MR. SCARBOROUGH: Well, what the Truman experience tells us is there’s no substitute for political experience. We keep electing presidents in this country that don’t really like Washington, D.C., don’t understand how Congress really works. Donald Trump had contempt for Congress. Barack Obama got to the United States Senate and it was so obvious that he didn’t like being there that soon after he got there Harry Reid called him in and said it’s obvious you’re never going to enjoy being here; why don’t you just run for president. And George W. Bush, as well, had very little use for the legislative branch. But in Harry Truman and in Joe Biden you had two creatures of the United States Senate who actually loved dealmaking. They loved working with their colleagues. They respected Republicans and Democrats alike, even though they could be tough. You know, and I’m sure you heard this too, Bob, I heard time and again from Republicans that every time they needed to talk to the Obama administration they ended up going to Joe Biden. Any time Mitch McConnell wanted to try to get something done, he ended up going to Joe Biden. Biden was a dealmaker. Again, Mitch McConnell and Joe Biden, are they best of friends? No, they never were best of friends, but they’re from the same institution, they love that institution, and they understand how to get things done. They also, Bob, understand how to count votes, just like Harry Truman understood how to count votes. Truman knew that his success in the Senate ran through Arthur Vandenberg so he worked Vandenberg nonstop. He’d have his staff members drive over to Vandenberg’s Washington townhouse, Georgetown townhouse, late at night after they’d finished working to keep him updated and briefed on the events of the day and what they were doing in drafting the legislation.
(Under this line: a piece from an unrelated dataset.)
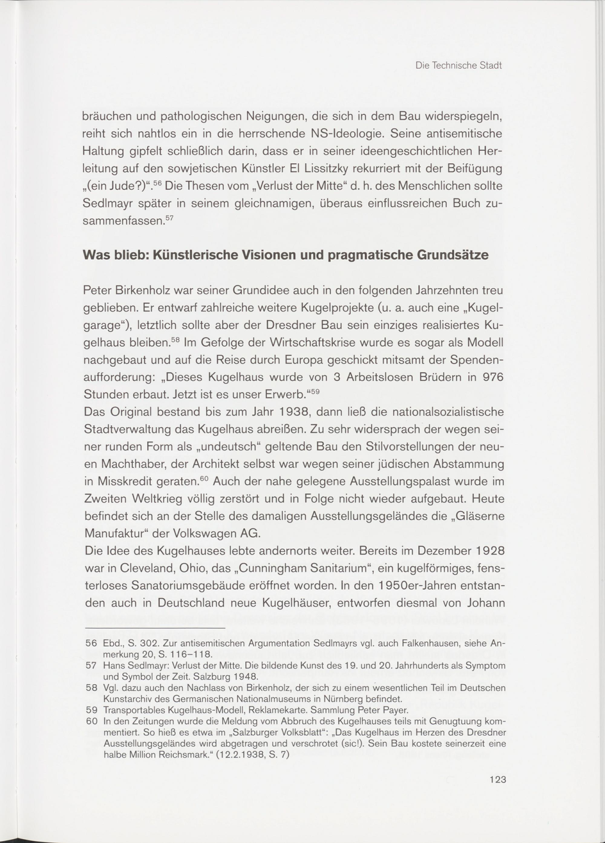 bräuchen und pathologischen Neigungen, die sich in dem Bau widerspiegeln, reiht sich nahtlos ein in die herrschende NS-ldeologie. Seine antisemitische Haltung gipfelt schließlich darin, dass er in seiner ideengeschichtlichen Herleitung auf den sowjetischen Künstler El Lissitzky rekurriert mit der Beifügung „(ein Jude?)“. 56 Die Thesen vom „Verlust der Mitte“ d. h. des Menschlichen sollte Sedlmayr später in seinem gleichnamigen, überaus einflussreichen Buch zusammenfassen. 57

Joe Biden knows that’s going to be necessary. And he if can’t make peace with Mitch McConnell, well, he’s got three, four, five other Republicans who are going to want to make a deal, like this COVID – this COVID relief act is showing us. And a good number of moderate Democrats who also will join together in this growing moderate coalition that seems really just custom-built for bipartisan legislation, the types of which Joe Biden would love to pass.

MR. COSTA: In reading this book, Joe, you just made the point about Senator Vandenberg. I had forgotten about him and his role in a lot of this. And it was a reminder to me, as an amateur student of history, that the Republican party has not always been the party of interventionism and George W. Bush. It was the party of isolationism and Arthur Vandenberg for decades. And does that tell us a little bit about how President Trump was able to rise in American politics? Maybe he was hitting on a strain of something that was always there.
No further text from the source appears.